Darrault Fanny, Dannhoff Guillaume, Chauvel Maëlig, Delmaire Théo, Louchez Simon, Poupon Cyril, Uszynski Ivy, Destrieux Christophe, Maldonado Igor Lima, Andersson Frédéric
Université de Tours, INSERM, Imaging Brain & Neuropsychiatry iBraiN U1253, 37032, Tours, France.
Centre Hospitalier Régional Universitaire de Strasbourg, Strasbourg, France.
J Anat. 2025 May;246(5):819-828. doi: 10.1111/joa.14167. Epub 2024 Oct 28.
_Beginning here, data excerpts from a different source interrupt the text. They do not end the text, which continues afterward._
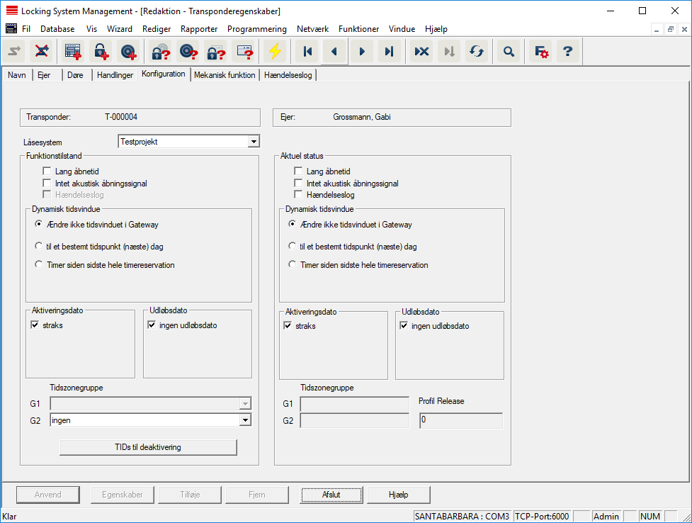 - På højre side vises den aktuelle status for transponderen - altså den tilstand, der senest blev programmeret.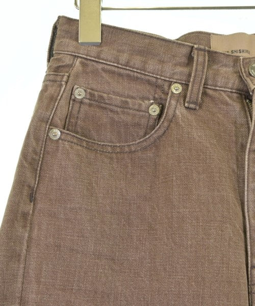 [Brand] THE SHISHIKUI [Type] Women's [Condition] Rank: B Details: Rubbed [Color] Brown [Size] 24 (S rank) [Actual size] Waist:67cm Hem circumference: 37cm Hip:76cm Crossing:53cm Rise: 33cm Inseam: 66cm [Material] 100% cotton, (label) cowhide [Country of origin] Japan [Other details] Season: All season Pockets: Yes Outside Pockets: 5 Translucency: None Fabric thickness: normal Lining: None Elasticity: None Gloss: None Opening and closing: zipper |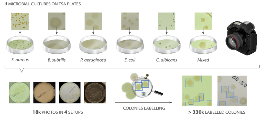 Preparing our own set of samples with photos of microbes was necessary because such a big and varied dataset did not exist in the publicly available collection. Although many researchers [2-5] have been concerned with the classification and counting of microorganisms, the number of provided images is definitely too small to optimize the parameters of the complicated neural network, such as object detector. In addition, mainly microscopic photos [2] or only small segments of agar plate culture [3-5] were made available.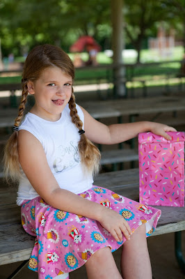 Paired with this circle skort, I have a tank hack of the EBTKS Henley. I simply took the band lengths from the coquette for this quick and easy hack. I added this fun 'One Smart Cookie' design to pull the outfit together without making it a top that could only be worn with this skirt. She'll be able to pair this tank with her new Phesh Jeggings from yesterday along with any of the other bottoms in her drawer.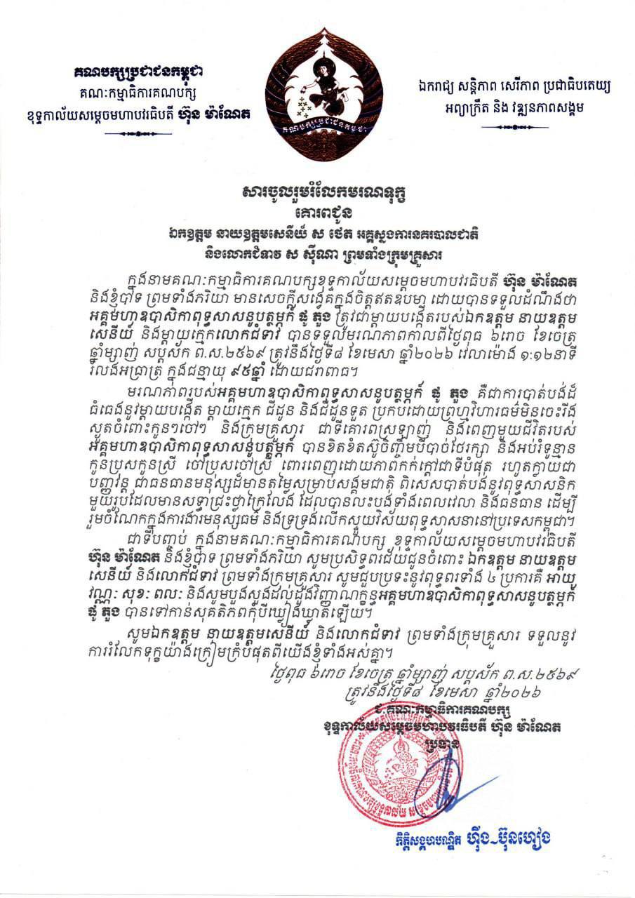 កិត្តិសង្គហបណ្ឌិត ហ៊ីង ប៊ុនហៀង ផ្ញើសាររំលែកទុក្ខជូនឯកឧត្តម នាយឧត្តមសេយ៍ ស ថេត ចំពោះមរណភាពអគ្គមហាឧបាសិកាពុទ្ធសាសនូបត្ថម្ភក៍ ផូ ភួង ដែលត្រូវជាម្តាយបង្កើត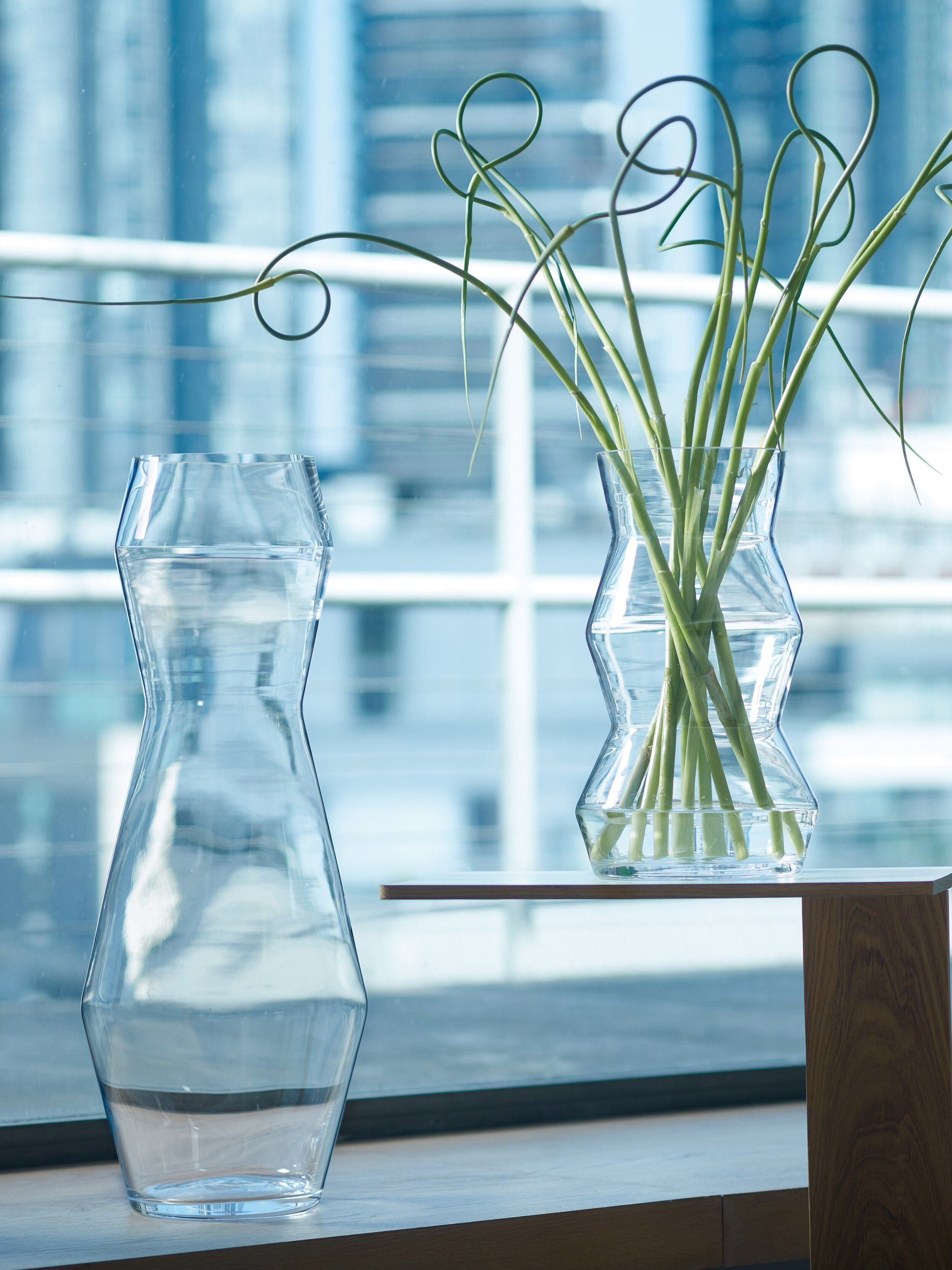 Stacked geometry and angular modern shapes define the SCULPT Collection. The carved wooden totems of Constantin Brancusi are referenced in the sculptural outlines of each mouth-blown vase, appearing to expand and contract with rhythm.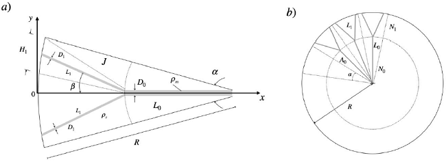 The elemental circular sector is considered to have a slender geometry, with an angle α and known area A0. The area can be approximated as an isosceles triangle A0≈ H0R/2 . We anticipate that this approximation will be helpful to define the total area of the branched elements based on the area A0, disc-size, and number of sectors distributed over the disc-shaped body solar cell. The first element and coordinate system are shown in Figure 1.
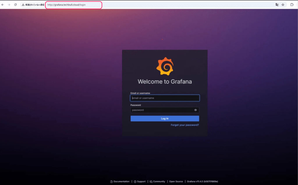 NginxのバックエンドのGrafanaに対してのリクエストに関する設定を追記しています。また、http://localhost:3000でGrafanaのコンソールへ接続していたものが、http://grafana.techbull.cloudでの接続が可能となります。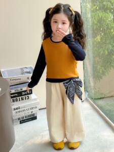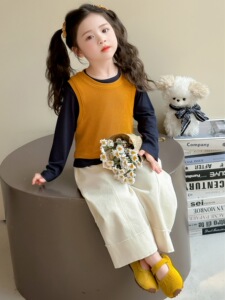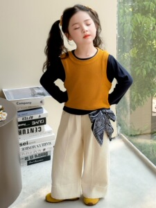 女童时尚马甲三件套2025秋季新款韩版阔腿裤套装网红童装一件代发

Manual segmentation is an essential tool in the researcher's technical arsenal. It is a frequent practice necessary for image analysis in many protocols, especially in neuroimaging and comparative brain anatomy. In the framework of emergence of studies focusing on alternative animal models, manual segmentation procedures play a critical role. Nevertheless, this critical task is often assigned to students, a process that, unfortunately, tends to be time-consuming and repetitive. Well-conducted and well-described segmentation procedures can potentially guide novice and even expert operators and enhance research works' internal and external validity, making it possible to harmonize studies and facilitate data sharing. Furthermore, recent advances in neuroimaging, such as ex vivo imaging or ultra-high-field MRI, enable new acquisition modalities and the identification of minute structures that are barely visible with typical approaches. In this context of increasingly detailed and multimodal brain studies, reflecting on methodology is relevant and necessary. Because it is crucial to implement good practices in manual segmentation per se but also in the description of the segmentation procedures in research papers, we propose a general roadmap for optimizing the technique, its process and the reporting of manual segmentation. For each of them, the relevant elements of the literature have been collected and cited. The article is accompanied by a checklist that the reader can use to verify that the critical steps are being followed.
手动分割是研究人员技术工具库中的一项重要工具。在许多方案中,尤其是在神经成像和比较脑解剖学中,它是图像分析所需的常见操作。在专注于替代动物模型的研究兴起的框架下,手动分割程序起着关键作用。然而,这项关键任务通常交给学生,不幸的是,这个过程往往既耗时又重复。执行良好且描述清晰的分割程序有可能指导新手甚至专家操作人员,并提高研究工作的内部和外部效度,从而使研究得以协调并促进数据共享。此外,神经成像的最新进展,如离体成像或超高场磁共振成像,带来了新的采集方式,并能识别用典型方法几乎看不见的微小结构。在这种脑研究日益详细和多模态的背景下,思考方法学是相关且必要的。由于在手动分割本身以及在研究论文中分割程序的描述方面实施良好做法都至关重要,我们提出了一个优化手动分割技术、其过程及报告的总体路线图。对于其中的每一项,都收集并引用了文献中的相关要素。本文还附有一份清单,读者可用来核实关键步骤是否得到遵循。